#### Problem to solve
Copy every record word for word. The images stay behind.

#### Available data
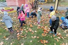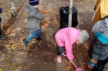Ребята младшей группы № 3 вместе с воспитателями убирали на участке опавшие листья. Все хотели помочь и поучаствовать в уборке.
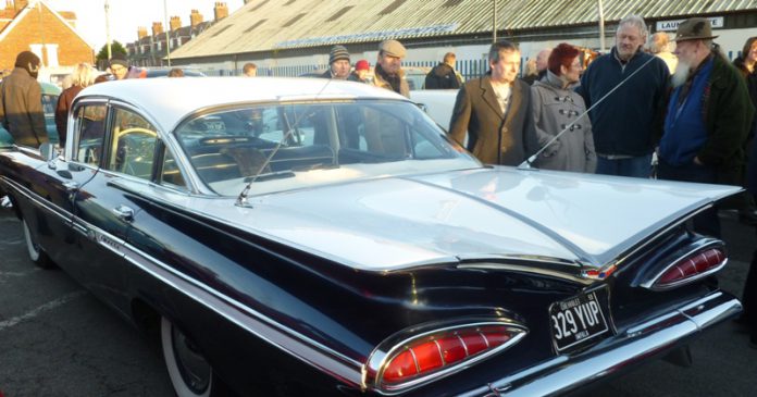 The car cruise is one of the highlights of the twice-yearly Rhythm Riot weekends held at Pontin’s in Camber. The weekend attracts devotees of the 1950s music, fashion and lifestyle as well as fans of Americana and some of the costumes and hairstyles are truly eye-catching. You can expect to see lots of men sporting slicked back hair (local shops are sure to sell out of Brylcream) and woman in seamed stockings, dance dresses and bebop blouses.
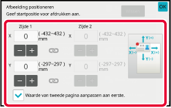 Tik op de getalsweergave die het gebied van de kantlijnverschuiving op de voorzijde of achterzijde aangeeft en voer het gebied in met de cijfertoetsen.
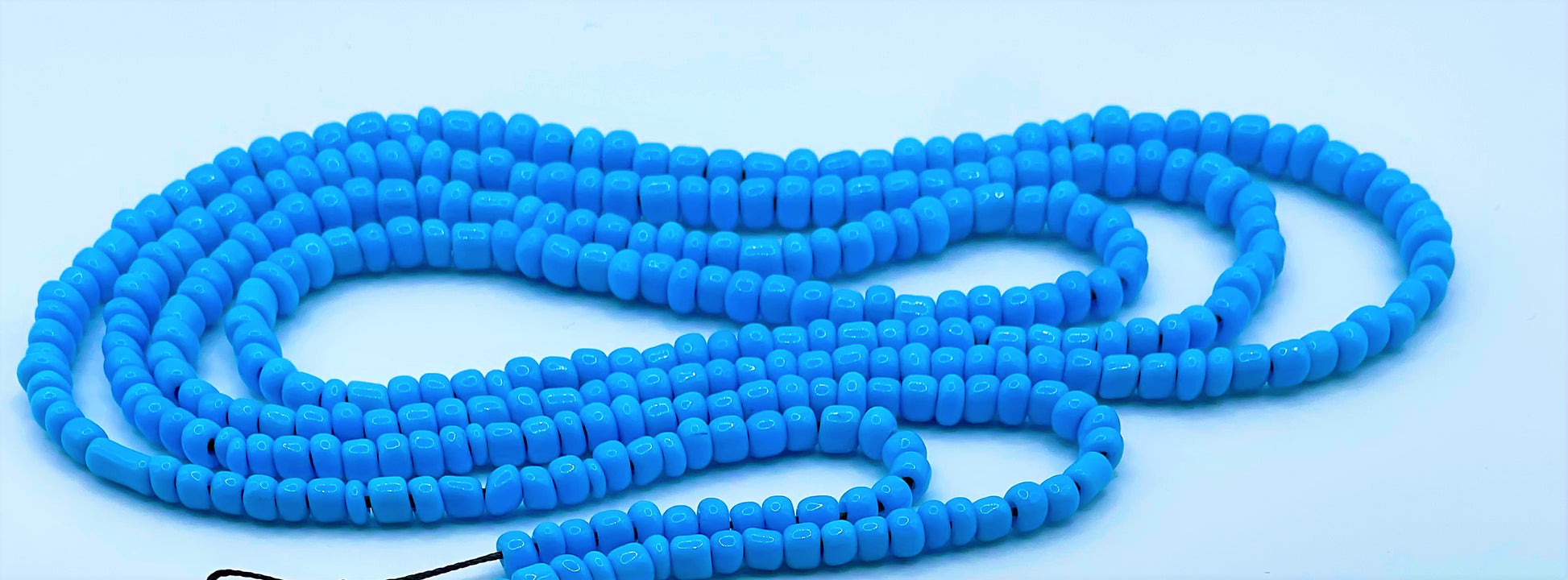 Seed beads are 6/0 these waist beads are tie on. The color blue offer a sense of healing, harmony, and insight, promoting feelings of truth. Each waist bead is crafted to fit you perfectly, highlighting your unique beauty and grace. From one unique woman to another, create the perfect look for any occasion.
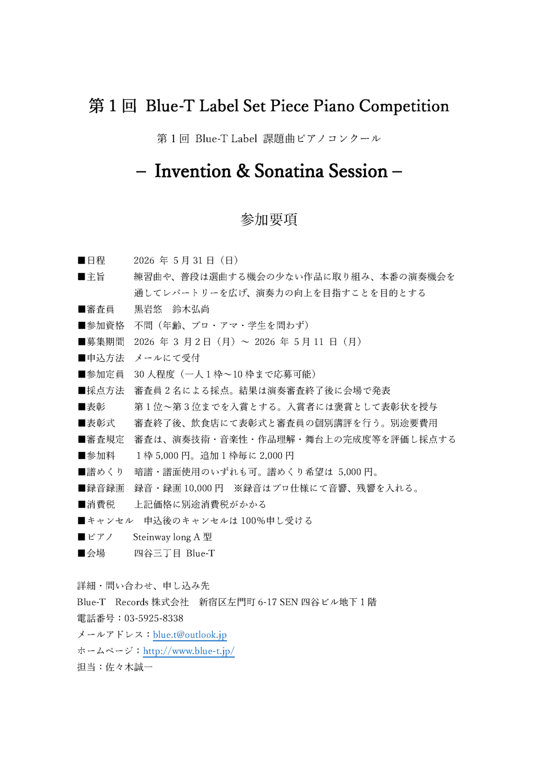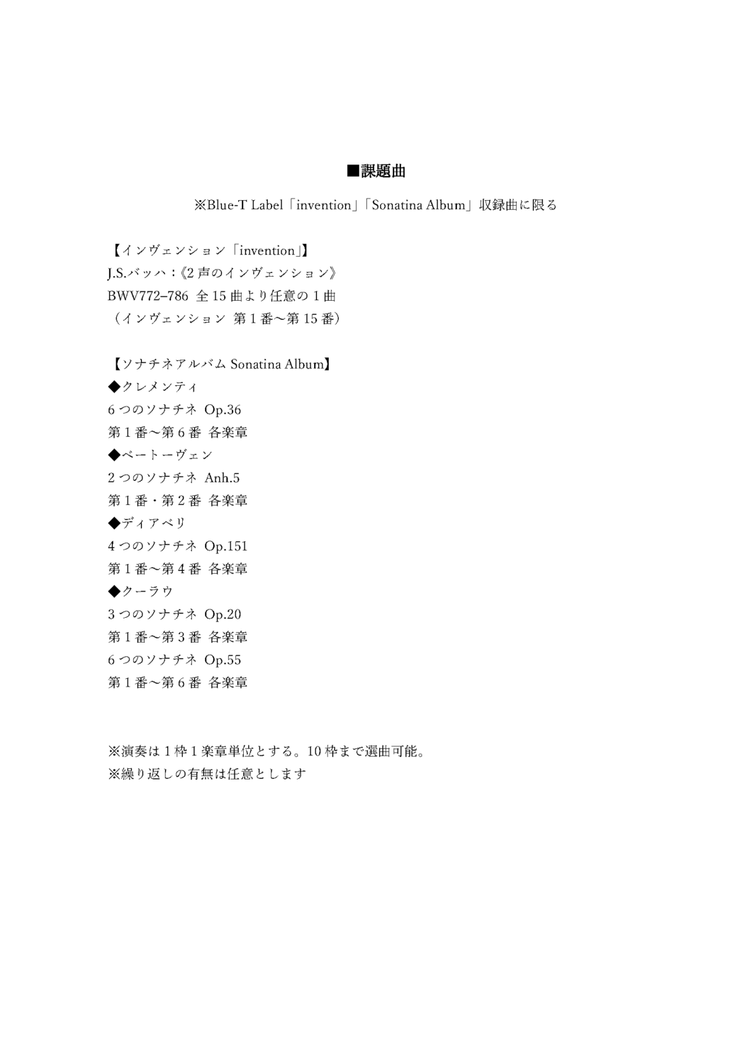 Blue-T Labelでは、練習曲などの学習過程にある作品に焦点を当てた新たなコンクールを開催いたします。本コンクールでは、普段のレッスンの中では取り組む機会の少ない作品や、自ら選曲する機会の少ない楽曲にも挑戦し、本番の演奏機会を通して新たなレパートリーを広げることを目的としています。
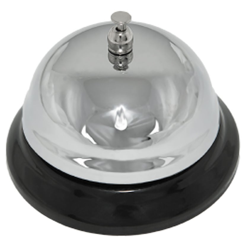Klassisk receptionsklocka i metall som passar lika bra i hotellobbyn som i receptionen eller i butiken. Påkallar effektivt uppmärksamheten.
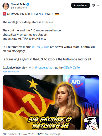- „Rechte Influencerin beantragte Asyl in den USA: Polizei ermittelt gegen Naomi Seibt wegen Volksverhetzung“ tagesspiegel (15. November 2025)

#### Finished exercise
Ребята младшей группы № 3 вместе с воспитателями убирали на участке опавшие листья. Все хотели помочь и поучаствовать в уборке.
 The car cruise is one of the highlights of the twice-yearly Rhythm Riot weekends held at Pontin’s in Camber. The weekend attracts devotees of the 1950s music, fashion and lifestyle as well as fans of Americana and some of the costumes and hairstyles are truly eye-catching. You can expect to see lots of men sporting slicked back hair (local shops are sure to sell out of Brylcream) and woman in seamed stockings, dance dresses and bebop blouses.
 Tik op de getalsweergave die het gebied van de kantlijnverschuiving op de voorzijde of achterzijde aangeeft en voer het gebied in met de cijfertoetsen.
 Seed beads are 6/0 these waist beads are tie on. The color blue offer a sense of healing, harmony, and insight, promoting feelings of truth. Each waist bead is crafted to fit you perfectly, highlighting your unique beauty and grace. From one unique woman to another, create the perfect look for any occasion.
 Blue-T Labelでは、練習曲などの学習過程にある作品に焦点を当てた新たなコンクールを開催いたします。本コンクールでは、普段のレッスンの中では取り組む機会の少ない作品や、自ら選曲する機会の少ない楽曲にも挑戦し、本番の演奏機会を通して新たなレパートリーを広げることを目的としています。
Klassisk receptionsklocka i metall som passar lika bra i hotellobbyn som i receptionen eller i butiken. Påkallar effektivt uppmärksamheten.
- „Rechte Influencerin beantragte Asyl in den USA: Polizei ermittelt gegen Naomi Seibt wegen Volksverhetzung“ tagesspiegel (15. November 2025)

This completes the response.